Task statement:
With all pictures excluded, restate the records that follow exactly as written.

══ Data supplied

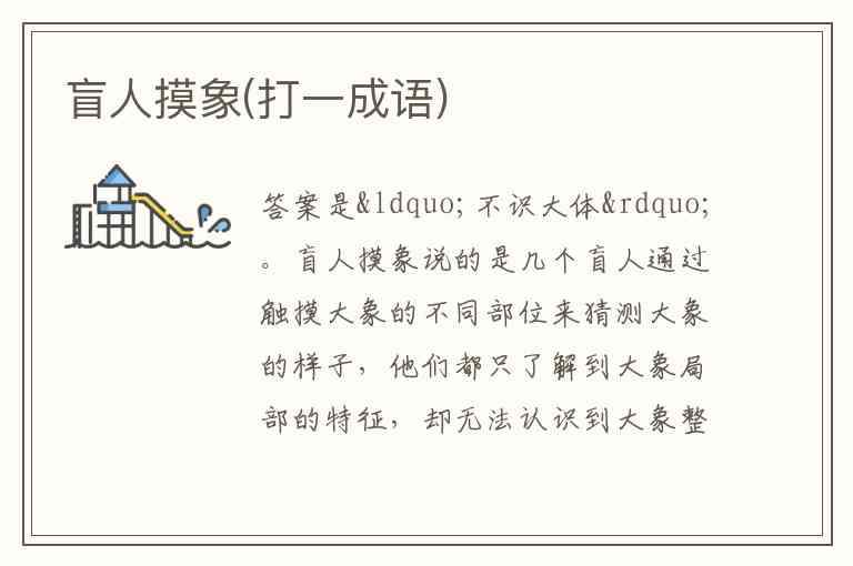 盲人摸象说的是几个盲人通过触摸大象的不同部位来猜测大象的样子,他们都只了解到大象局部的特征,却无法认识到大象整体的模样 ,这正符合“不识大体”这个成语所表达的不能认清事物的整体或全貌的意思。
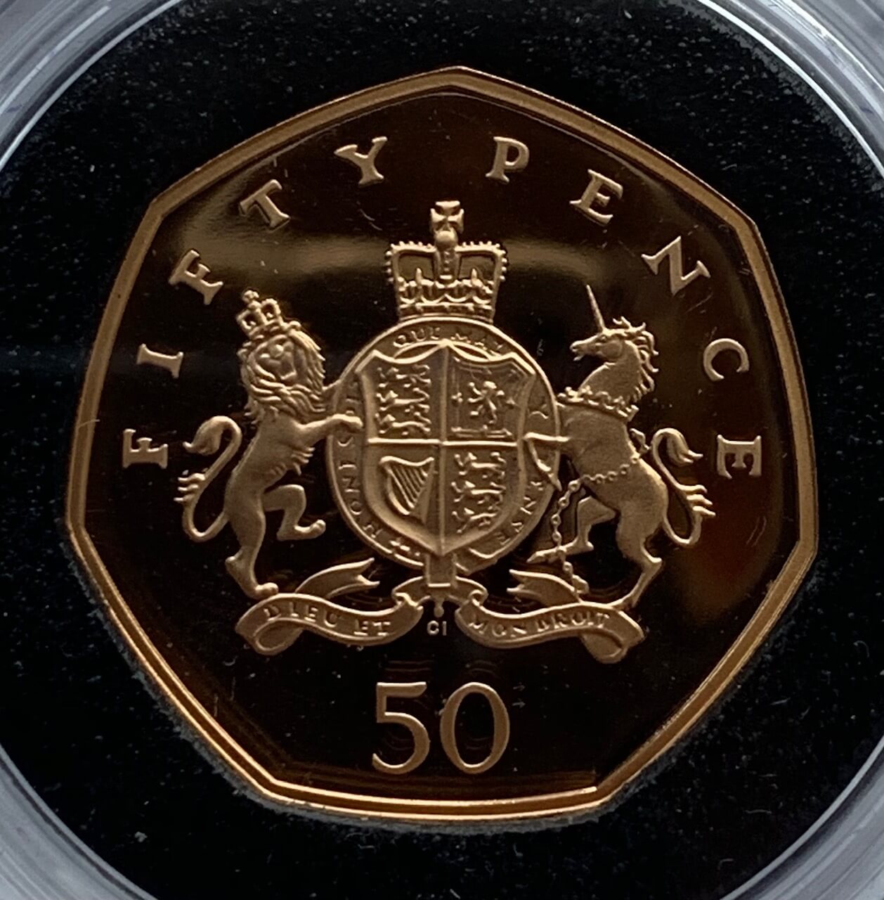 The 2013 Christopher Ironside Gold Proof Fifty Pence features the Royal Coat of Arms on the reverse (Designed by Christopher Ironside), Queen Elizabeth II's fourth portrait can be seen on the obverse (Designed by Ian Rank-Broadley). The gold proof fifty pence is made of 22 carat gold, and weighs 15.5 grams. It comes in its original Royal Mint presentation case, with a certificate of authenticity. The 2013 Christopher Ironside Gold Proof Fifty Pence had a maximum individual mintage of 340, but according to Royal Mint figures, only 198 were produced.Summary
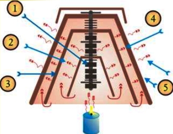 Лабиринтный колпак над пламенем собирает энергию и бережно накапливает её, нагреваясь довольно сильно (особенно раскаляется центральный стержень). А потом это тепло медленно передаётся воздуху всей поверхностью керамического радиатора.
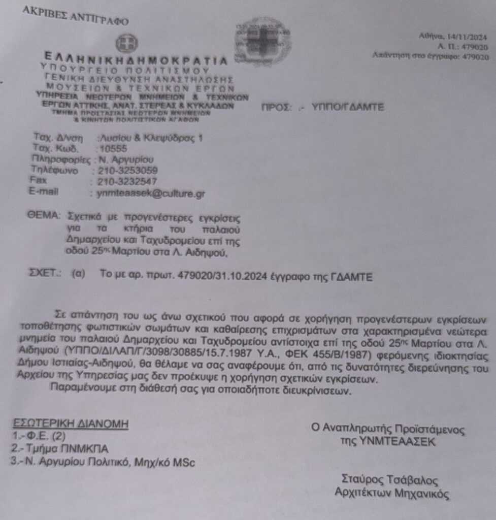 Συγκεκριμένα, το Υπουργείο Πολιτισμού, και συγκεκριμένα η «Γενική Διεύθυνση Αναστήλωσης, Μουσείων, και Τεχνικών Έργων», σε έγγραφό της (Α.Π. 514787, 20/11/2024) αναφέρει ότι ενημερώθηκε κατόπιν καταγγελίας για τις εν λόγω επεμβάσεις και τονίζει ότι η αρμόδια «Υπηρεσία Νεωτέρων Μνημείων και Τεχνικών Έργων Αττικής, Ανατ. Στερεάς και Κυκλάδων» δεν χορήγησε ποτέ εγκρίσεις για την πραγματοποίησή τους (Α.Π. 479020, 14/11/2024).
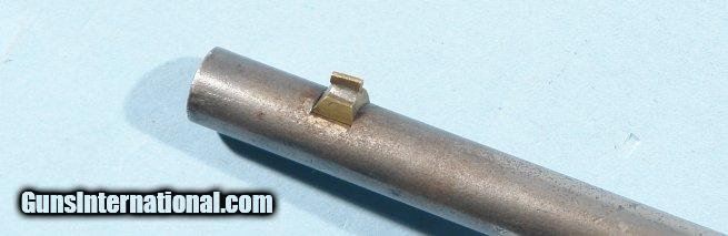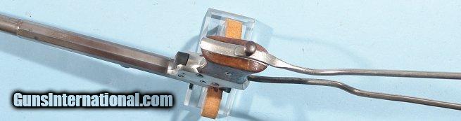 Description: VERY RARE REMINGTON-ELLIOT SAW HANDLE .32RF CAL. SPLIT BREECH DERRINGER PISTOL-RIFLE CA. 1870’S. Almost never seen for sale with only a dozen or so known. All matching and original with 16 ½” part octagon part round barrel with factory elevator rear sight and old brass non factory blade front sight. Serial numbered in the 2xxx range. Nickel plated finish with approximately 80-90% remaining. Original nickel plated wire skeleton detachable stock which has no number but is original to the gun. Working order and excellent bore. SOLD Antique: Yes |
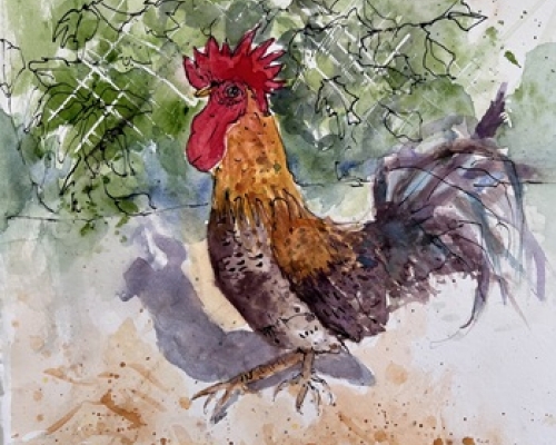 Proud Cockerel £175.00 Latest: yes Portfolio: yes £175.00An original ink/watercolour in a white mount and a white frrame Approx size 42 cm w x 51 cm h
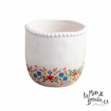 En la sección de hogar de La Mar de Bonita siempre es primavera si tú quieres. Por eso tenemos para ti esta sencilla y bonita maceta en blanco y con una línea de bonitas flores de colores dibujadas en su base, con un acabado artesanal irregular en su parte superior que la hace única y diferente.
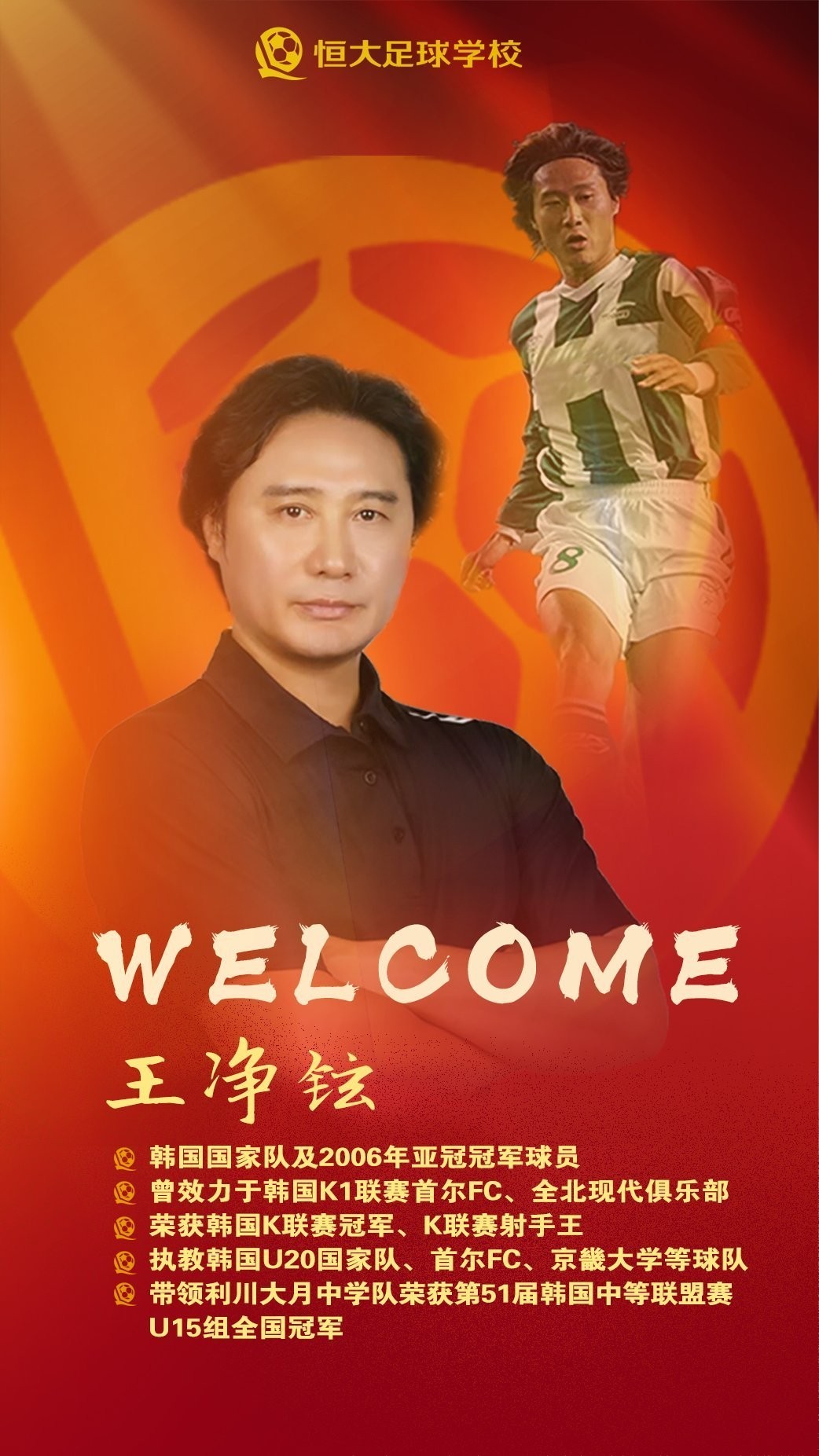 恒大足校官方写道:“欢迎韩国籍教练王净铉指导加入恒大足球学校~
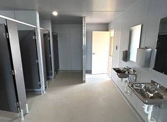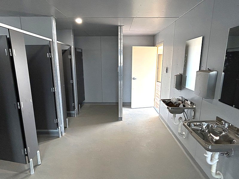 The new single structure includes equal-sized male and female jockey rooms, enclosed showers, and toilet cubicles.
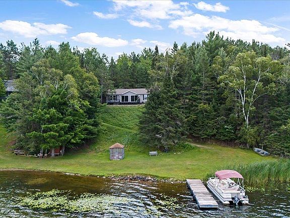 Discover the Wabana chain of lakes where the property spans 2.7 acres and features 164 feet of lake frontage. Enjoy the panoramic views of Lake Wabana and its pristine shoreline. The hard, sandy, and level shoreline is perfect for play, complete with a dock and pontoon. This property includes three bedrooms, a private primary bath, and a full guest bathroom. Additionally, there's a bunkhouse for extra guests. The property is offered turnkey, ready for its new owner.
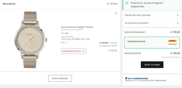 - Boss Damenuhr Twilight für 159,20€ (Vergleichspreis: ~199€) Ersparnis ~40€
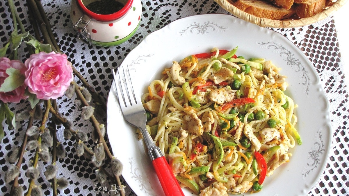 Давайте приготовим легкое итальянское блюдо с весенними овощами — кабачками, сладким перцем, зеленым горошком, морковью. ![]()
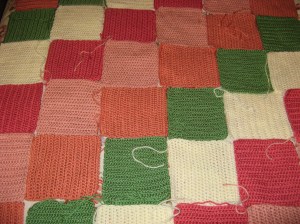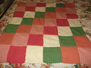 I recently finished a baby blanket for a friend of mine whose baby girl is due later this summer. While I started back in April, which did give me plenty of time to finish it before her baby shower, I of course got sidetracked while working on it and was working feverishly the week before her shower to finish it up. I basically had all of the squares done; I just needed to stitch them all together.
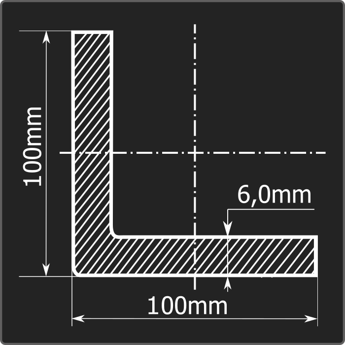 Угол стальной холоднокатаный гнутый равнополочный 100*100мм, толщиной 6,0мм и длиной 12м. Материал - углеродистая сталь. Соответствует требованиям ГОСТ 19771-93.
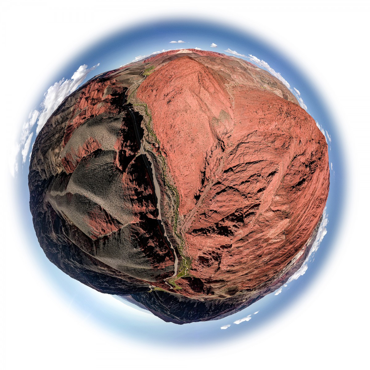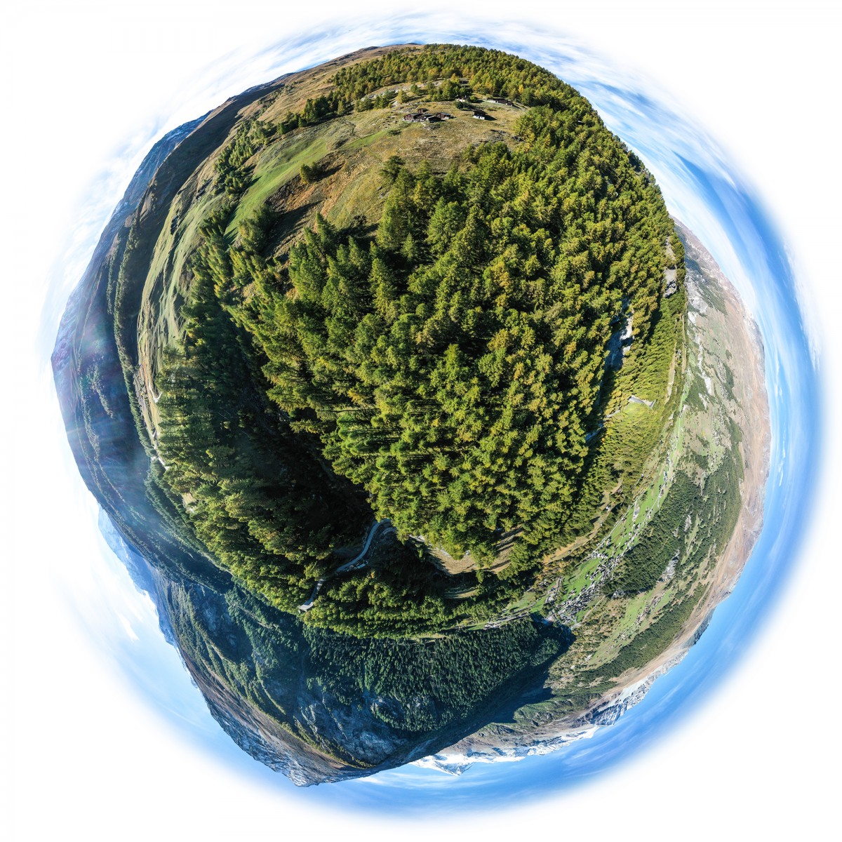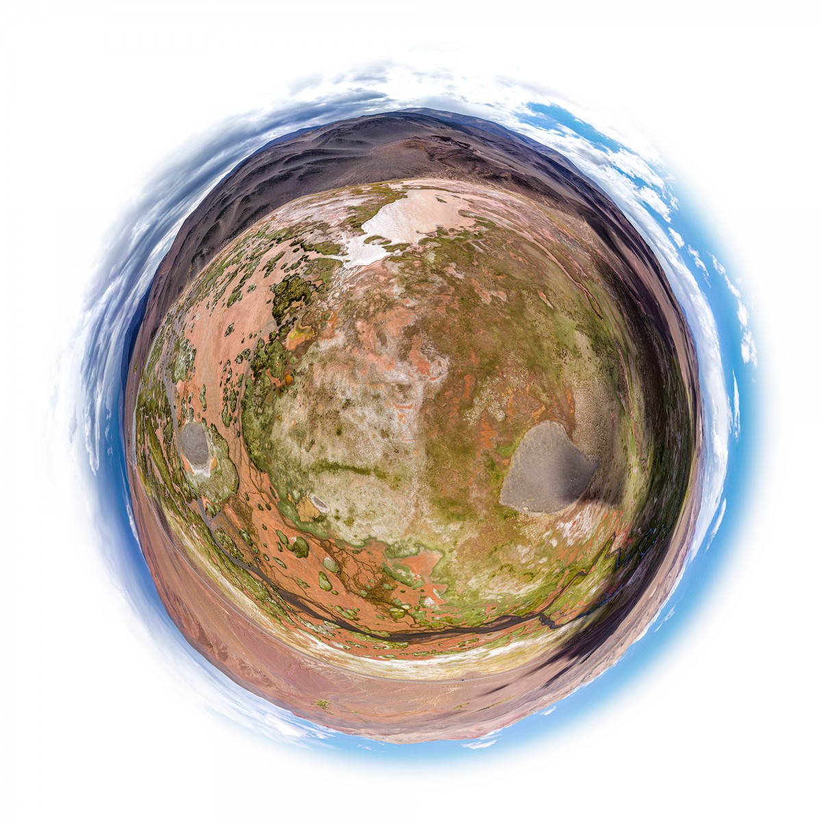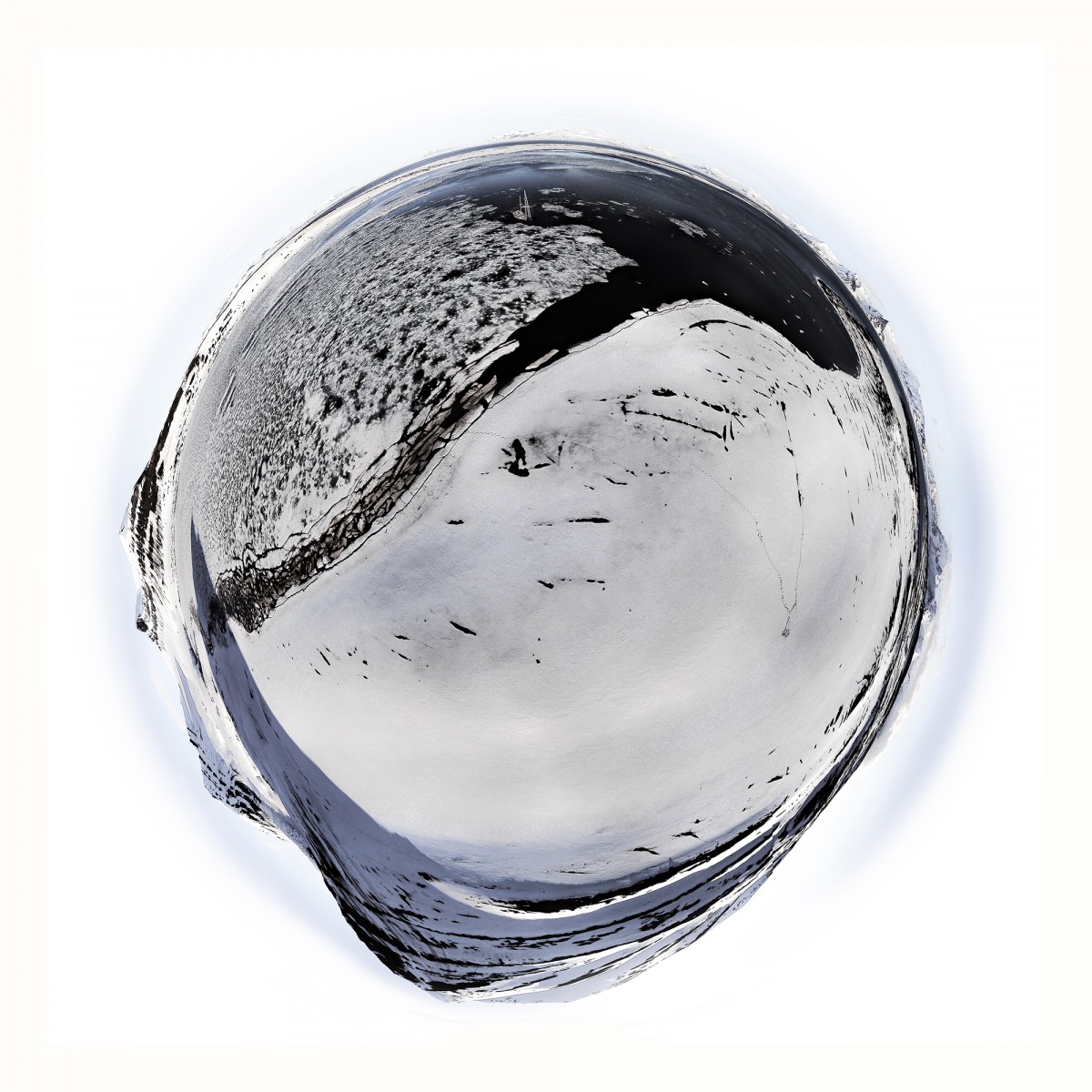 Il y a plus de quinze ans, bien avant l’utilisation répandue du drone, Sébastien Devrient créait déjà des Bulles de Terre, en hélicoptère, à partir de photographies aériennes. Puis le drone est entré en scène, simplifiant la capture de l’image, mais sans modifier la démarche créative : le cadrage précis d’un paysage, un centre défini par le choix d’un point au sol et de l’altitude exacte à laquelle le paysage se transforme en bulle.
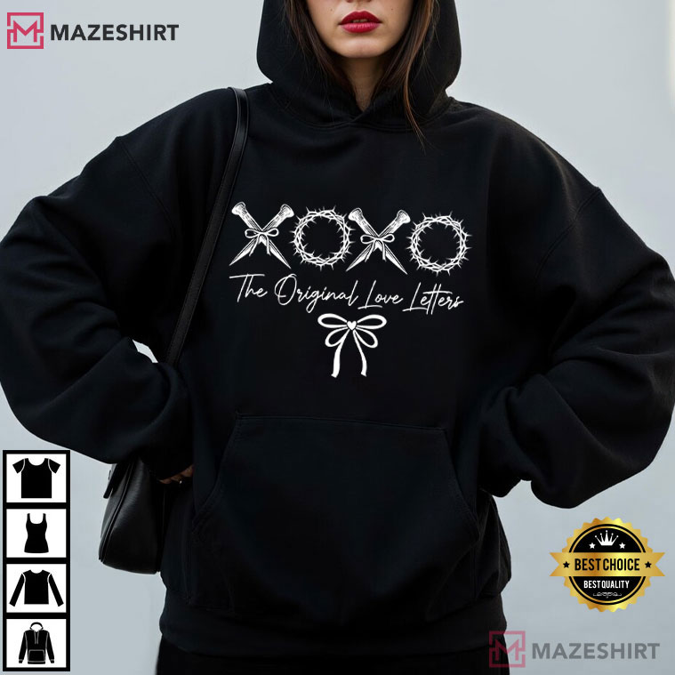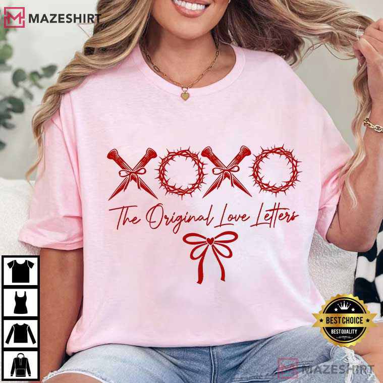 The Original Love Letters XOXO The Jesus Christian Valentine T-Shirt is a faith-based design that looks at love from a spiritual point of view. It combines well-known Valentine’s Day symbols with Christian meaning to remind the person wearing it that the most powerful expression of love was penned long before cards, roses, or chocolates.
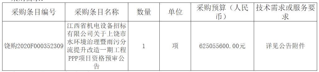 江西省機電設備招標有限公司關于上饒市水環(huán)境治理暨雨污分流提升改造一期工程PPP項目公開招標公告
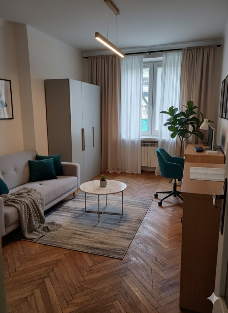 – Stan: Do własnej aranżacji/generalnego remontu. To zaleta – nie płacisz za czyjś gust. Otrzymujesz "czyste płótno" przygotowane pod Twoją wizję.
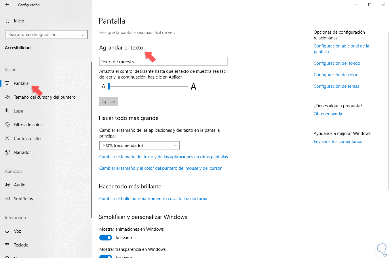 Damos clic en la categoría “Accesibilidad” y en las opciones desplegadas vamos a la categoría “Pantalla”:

════

Result:
 盲人摸象说的是几个盲人通过触摸大象的不同部位来猜测大象的样子,他们都只了解到大象局部的特征,却无法认识到大象整体的模样 ,这正符合“不识大体”这个成语所表达的不能认清事物的整体或全貌的意思。
 The 2013 Christopher Ironside Gold Proof Fifty Pence features the Royal Coat of Arms on the reverse (Designed by Christopher Ironside), Queen Elizabeth II's fourth portrait can be seen on the obverse (Designed by Ian Rank-Broadley). The gold proof fifty pence is made of 22 carat gold, and weighs 15.5 grams. It comes in its original Royal Mint presentation case, with a certificate of authenticity. The 2013 Christopher Ironside Gold Proof Fifty Pence had a maximum individual mintage of 340, but according to Royal Mint figures, only 198 were produced.Summary
 Лабиринтный колпак над пламенем собирает энергию и бережно накапливает её, нагреваясь довольно сильно (особенно раскаляется центральный стержень). А потом это тепло медленно передаётся воздуху всей поверхностью керамического радиатора.
 Συγκεκριμένα, το Υπουργείο Πολιτισμού, και συγκεκριμένα η «Γενική Διεύθυνση Αναστήλωσης, Μουσείων, και Τεχνικών Έργων», σε έγγραφό της (Α.Π. 514787, 20/11/2024) αναφέρει ότι ενημερώθηκε κατόπιν καταγγελίας για τις εν λόγω επεμβάσεις και τονίζει ότι η αρμόδια «Υπηρεσία Νεωτέρων Μνημείων και Τεχνικών Έργων Αττικής, Ανατ. Στερεάς και Κυκλάδων» δεν χορήγησε ποτέ εγκρίσεις για την πραγματοποίησή τους (Α.Π. 479020, 14/11/2024).
 Description: VERY RARE REMINGTON-ELLIOT SAW HANDLE .32RF CAL. SPLIT BREECH DERRINGER PISTOL-RIFLE CA. 1870’S. Almost never seen for sale with only a dozen or so known. All matching and original with 16 ½” part octagon part round barrel with factory elevator rear sight and old brass non factory blade front sight. Serial numbered in the 2xxx range. Nickel plated finish with approximately 80-90% remaining. Original nickel plated wire skeleton detachable stock which has no number but is original to the gun. Working order and excellent bore. SOLD Antique: Yes |
 Proud Cockerel £175.00 Latest: yes Portfolio: yes £175.00An original ink/watercolour in a white mount and a white frrame Approx size 42 cm w x 51 cm h
 En la sección de hogar de La Mar de Bonita siempre es primavera si tú quieres. Por eso tenemos para ti esta sencilla y bonita maceta en blanco y con una línea de bonitas flores de colores dibujadas en su base, con un acabado artesanal irregular en su parte superior que la hace única y diferente.
 恒大足校官方写道:“欢迎韩国籍教练王净铉指导加入恒大足球学校~
 The new single structure includes equal-sized male and female jockey rooms, enclosed showers, and toilet cubicles.
 Discover the Wabana chain of lakes where the property spans 2.7 acres and features 164 feet of lake frontage. Enjoy the panoramic views of Lake Wabana and its pristine shoreline. The hard, sandy, and level shoreline is perfect for play, complete with a dock and pontoon. This property includes three bedrooms, a private primary bath, and a full guest bathroom. Additionally, there's a bunkhouse for extra guests. The property is offered turnkey, ready for its new owner.
 - Boss Damenuhr Twilight für 159,20€ (Vergleichspreis: ~199€) Ersparnis ~40€
 Давайте приготовим легкое итальянское блюдо с весенними овощами — кабачками, сладким перцем, зеленым горошком, морковью. ![]()
 I recently finished a baby blanket for a friend of mine whose baby girl is due later this summer. While I started back in April, which did give me plenty of time to finish it before her baby shower, I of course got sidetracked while working on it and was working feverishly the week before her shower to finish it up. I basically had all of the squares done; I just needed to stitch them all together.
 Угол стальной холоднокатаный гнутый равнополочный 100*100мм, толщиной 6,0мм и длиной 12м. Материал - углеродистая сталь. Соответствует требованиям ГОСТ 19771-93.
 Il y a plus de quinze ans, bien avant l’utilisation répandue du drone, Sébastien Devrient créait déjà des Bulles de Terre, en hélicoptère, à partir de photographies aériennes. Puis le drone est entré en scène, simplifiant la capture de l’image, mais sans modifier la démarche créative : le cadrage précis d’un paysage, un centre défini par le choix d’un point au sol et de l’altitude exacte à laquelle le paysage se transforme en bulle.
 The Original Love Letters XOXO The Jesus Christian Valentine T-Shirt is a faith-based design that looks at love from a spiritual point of view. It combines well-known Valentine’s Day symbols with Christian meaning to remind the person wearing it that the most powerful expression of love was penned long before cards, roses, or chocolates.
 江西省機電設備招標有限公司關于上饒市水環(huán)境治理暨雨污分流提升改造一期工程PPP項目公開招標公告
 – Stan: Do własnej aranżacji/generalnego remontu. To zaleta – nie płacisz za czyjś gust. Otrzymujesz "czyste płótno" przygotowane pod Twoją wizję.
 Damos clic en la categoría “Accesibilidad” y en las opciones desplegadas vamos a la categoría “Pantalla”:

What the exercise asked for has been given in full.